Question: Excess \[{F_2}\left( g \right)\] reacts at \[150^\circ C\] and \[1atm\] pressure with \[B{r_2}\left(...

Question

Excess ${F_2}\left( g \right)$ reacts at $150^\circ C$ and $1atm$ pressure with $B{r_2}\left( g \right)$ to give a compound $Br{F_n}$ . If $423mL$ of $B{r_2}\left( g \right)$ at the same temperature and pressure produced $4.2g$ of $Br{F_n}$ , what is $n$ ?

Answer 1

Solution

Two gases combine under high temperature and pressure to produce a new compound. The stoichiometry of the combination of two gases determines the formula of the generated compound.

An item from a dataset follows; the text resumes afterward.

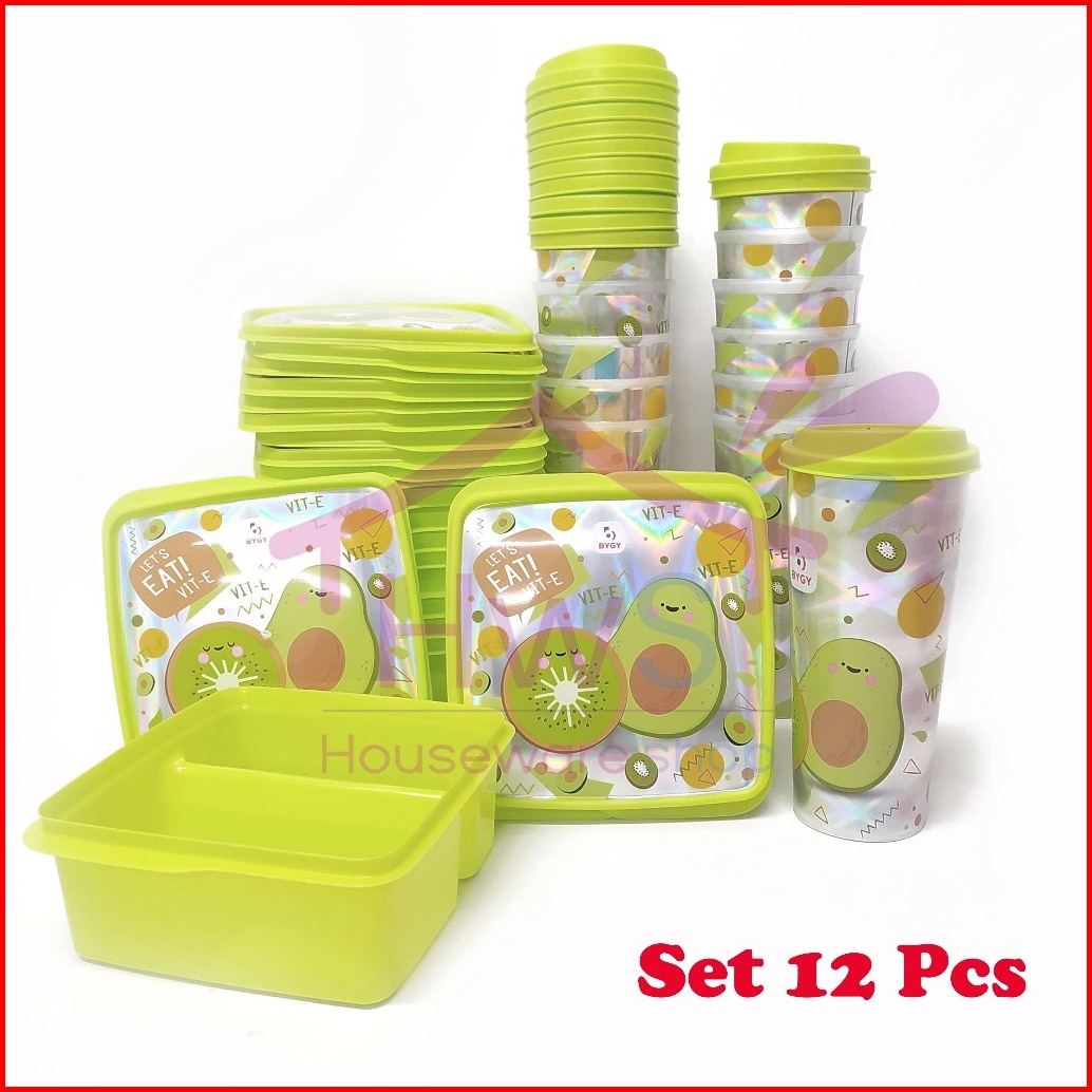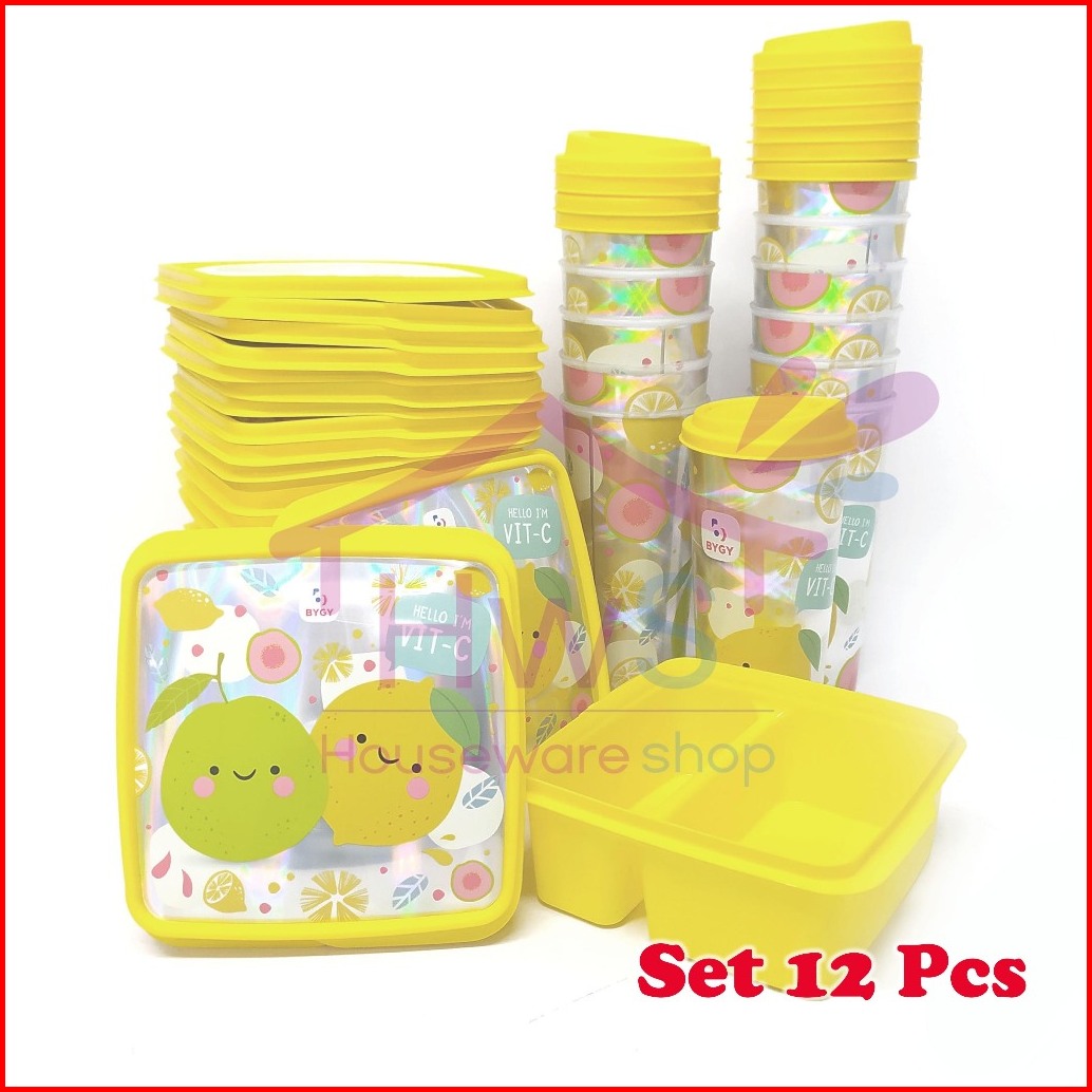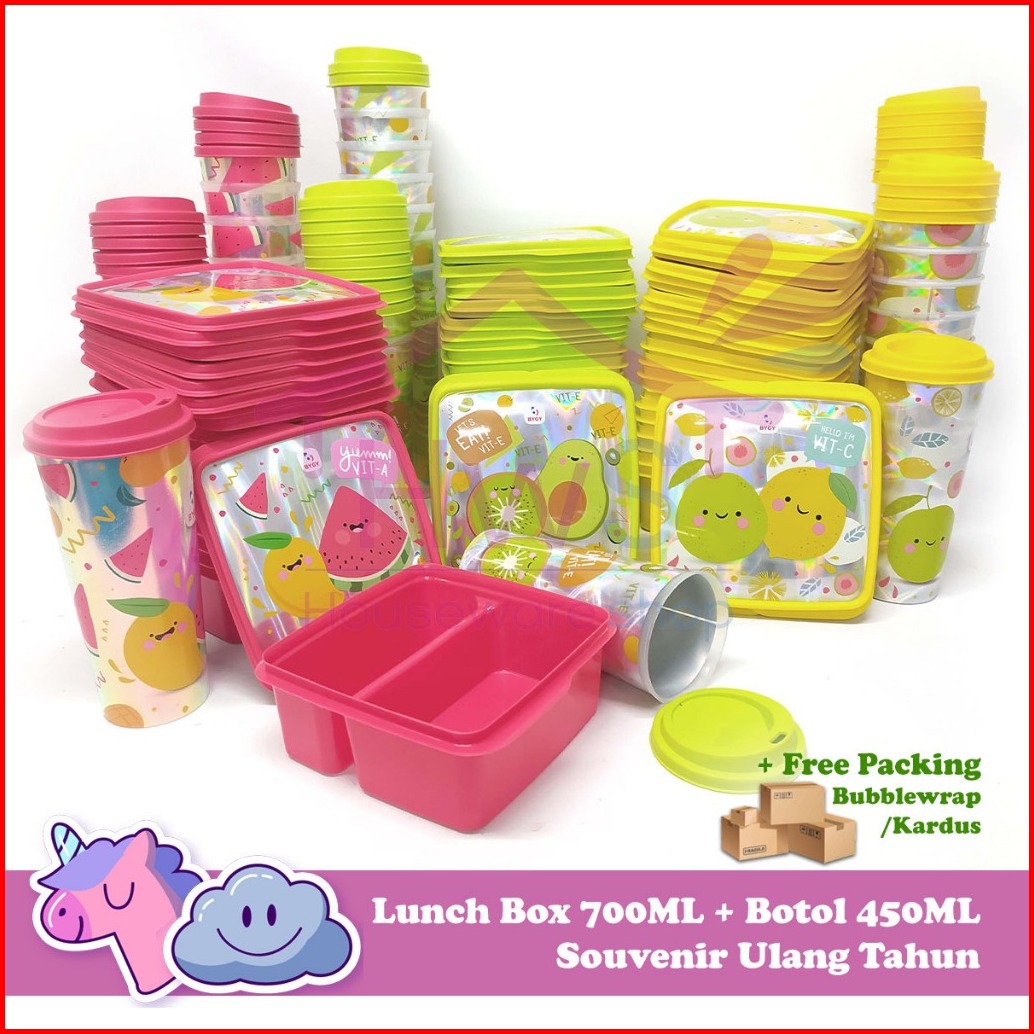 Bundling Set 12 Pcs Lunch Box Plastik Food Grade Gelas Tutup Fruitamin - Tempat Bekal Tempat Minum Buah - Souvenir Ulang

Complete step by step answer: Here the two gases undergoing chemical reaction are fluorine gas and bromine gas. The mole of the individual gases is to be evaluated first. The moles of the gas can be determined with the help of the ideal gas equation.
The ideal gas equation is,
$PV = mRT$ where,
$P$ is the pressure of the gas,
$V$ is the volume of the gas,
$m$ is the moles of the gas,
$R$ is the gas constant,
$T$ is the temperature in Kelvin.
The given entities for bromine gas are as follows:
$P = 1atm$ , $V = 423mL = 423 \times {10^{ - 3}}L$ , $R = 0.0821Latmmol{e^{ - 1}}{K^{ - 1}}$ , $T = 150^\circ C = 150 + 273 = 423K$ .
Inserting in the equation,
$1 \times 423 \times {10^{ - 3}} = m \times 0.0821 \times 423$
$m = 0.0122$ .
The probable equation of the reaction occurring between the gases is,
$\dfrac{n}{2}{F_2} + B{r_2} \to 2Br{F_n}$
The number of moles of $B{r_2}$ = $0.0122mole$ . According to the equation, $1mole$ of $B{r_2}$ generates $2mole$ of $Br{F_n}$ . So $0.0122mole$ of $B{r_2}$ generates $2 \times 0.0122$ = $0.0244mole$ of $Br{F_n}$
The molar mass of $Br{F_n}$ = atomic mass of $Br$ atom + $n$ x atomic mass of $F$ atom.
= $80 + n \times 19$
= $80 + 19n$
The mole of a compound is the ratio of the weight taken and the molar mass.
Therefore,
$\dfrac{{4.2}}{{80 + 19n}} = 0.0244$
$80 + 19 n = \dfrac{{4.2}}{{0.0244}}$
$80 + 19n = 172.13$
$19n = 92.13$
$n = 4.85 \approx 5$
Thus the value of $n$ is $5$ , and the formula of the compound formed is $Br{F_5}$ .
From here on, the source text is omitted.